Lorsque le générique inscrit avec pudeur « In memory of Margaret Lanterman », le plan, qui durait depuis une quarantaine de secondes, change légèrement d’échelle et fait reparaître un terrifiant personnage découvert dans l’épisode. C’est cela, Twin Peaks : des morceaux de sens, a priori traduisibles sous la forme d’un logos, qui viennent se signaler en douce, comme si de rien n’était, au moment même (ici, à la fin du générique) où l’intrigue ne peut plus rien faire d’eux. Voilà ce qu’ouvre réellement la mort de Margaret Lanterman, ou du moins ce qu’elle éclaire en passant le relais à cette présence fantomatique : un combat viscéral pour l’incessante recomposition du processus du signification, où la cohérence du tout est moins chronologique (que l’on pense à la rupture temporelle qui clôt l’épisode 7) ou logique qu’intrinsèquement liée à la connexion des éléments entre eux, lesquels n’ont rien d’autre à faire que de se mesurer, encore et encore, à une totalité non-advenue.
Partout, l’absence
Or cette mort trouve un plus vaste écho dans le sillon tracé par cette nouvelle saison. Comme le soutient Derrida p. 104 et suivantes de La Voix et le phénomène, « ma mort est structurellement nécessaire au prononcé du Je », ou, autrement dit, la parole appelle et requiert la mort de celui qui parle ; comme tel, tout langage peut être, selon lui, nommé écriture, parce qu’impliquant directement l’absence radicale du locuteur. Au moment même où je parle, à l’instant où je m’inscris dans le processus de signification, je peux m’adresser à l’homme qui se tient en face de moi, mais, en droit, ma parole peut être comprise par un tout autre, et notamment par un tout autre qui me survivrait.
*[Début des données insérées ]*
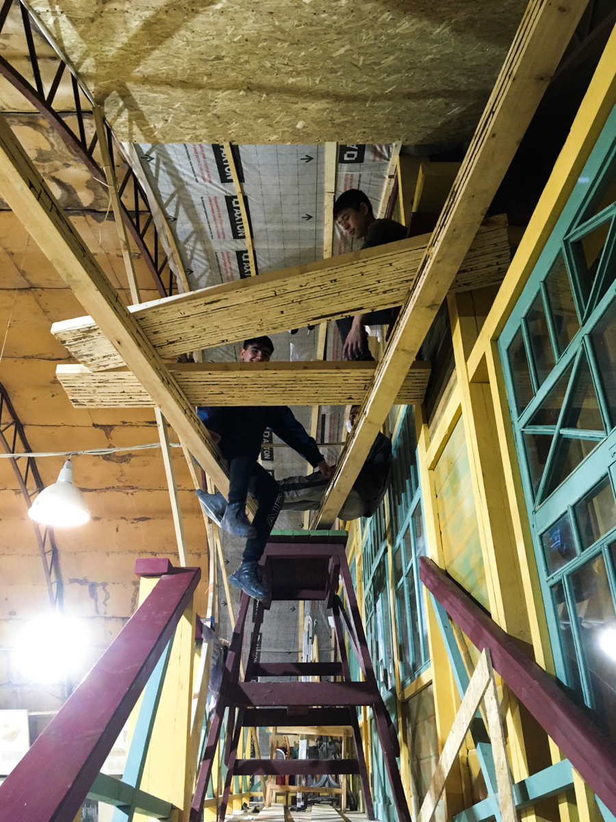 Игорь клеит пласть, теперь уже с Нуриком, потому что Баха с товарищами зашивает потолок ориентировано-стружечной плитой. Тема тоже отвлекся на потолок от любимых карбасов.

Qu’est-ce à dire, pour nous autant que pour cette nouvelle saison qui touche à sa fin ? Que partout l’expression du sens est entourée par l’absence, et qu’il en est ainsi de tout signe, qui suppose dans son expression la possibilité de la mort. Il n’est pas anodin que, vingt-cinq ans après, Twin Peaks soit à ce point hantée par la mort et la maladie : cancers du shérif Truman et du mari de Beverly, mort de certains des acteurs principaux et de leurs personnages, figures dont la présence se mue en pure absence (Albert, de plus en plus silencieux), etc. C’est qu’entre-temps David Lynch a compris l’irréductibilité de son écriture aux intrigues à résoudre et aux codes à déchiffrer, bref à la face physique de l’expression. Il a saisi, bien plutôt, que partout autour d’elle régnait l’absence, toute inséparable qu’elle est de tout langage, contre le mythe d’une présence immédiate de l’idéalité du sens planant majestueusement au-dessus des choses. C’est là le testament de Margaret Lanterman, dont les dernières paroles n’auront de sens qu’une fois sa mort passée, « under the moon, on Blue Pine Mountain ».